Suggested Rolls, Breads & Crackers to Serve:

  • slider rolls, assorted deli rolls, long hoagie roll, small hamburger buns, toasted baguette slices, assorted crackers, lettuce or endive leaves (for carb watchers)

Instructions

  • The day or evening before, place sausage coils in over-sized pie dish or bowl and add minced garlic, Italian salad dressing, apple juice, and beer to cover. Cover dish and marinate overnight. (*Wooden skewers can be placed into a tall glass with water to soak overnight, too.)
  • The next day, place sausages into one large coil, (or two smaller ones if you prefer), tightly, onto a large baking sheet or pizza pan. Push one soaked skewer from outside of coil going through center and out the other side.
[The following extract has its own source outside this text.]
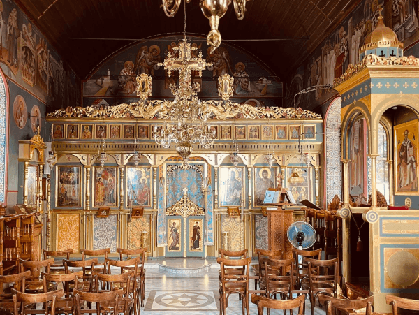The monastery was holding an Orthodox service. We could hear chanting, and when we looked through the stained-glass windows, we saw monks performing a ritual with blessings using holy water and incense (a symbol of prayers rising to God). Through the windows, we could also see many golden icons inside the monastery.

Then another one through a quarter of a turn, under or over the other skewer, and pushing through so that you have a "plus sign".
  • Make glaze next by placing everything but the raspberry jelly and food coloring into a small saucepan and bring just to a boil, stirring over medium heat until sugar is dissolved. Remove from heat and stir until sauce is syrupy. Stir in raspberry jam until melted. Add red food coloring and stir. Set aside until needed. (*Sauce will thicken upon standing.)
  • Heat grill to hot, oil grates if needed, and place sausage coils onto grill. Turn down heat, close lid, and grill until sausage is done through, turning as needed to brown and cook evenly on both sides. (*If cooking on low, about 25 minutes.)
  • Move coils to a cool spot on the grill. Baste well each side with cooled glaze, turning and basting each side only maybe twice, shutting grill lid each time in-between. Remove to a clean baking sheet. Continue to baste tops for 10 - 15 minutes, dabbing and basting sausage until a nice, shiny coat has been achieved. Sausages will stay hot, so no worries!
  • Place onto a serving board, (*surrounded by condiments and breads), remove skewers, place a small, sharp knife next to them, and let guests slice off however much they would like.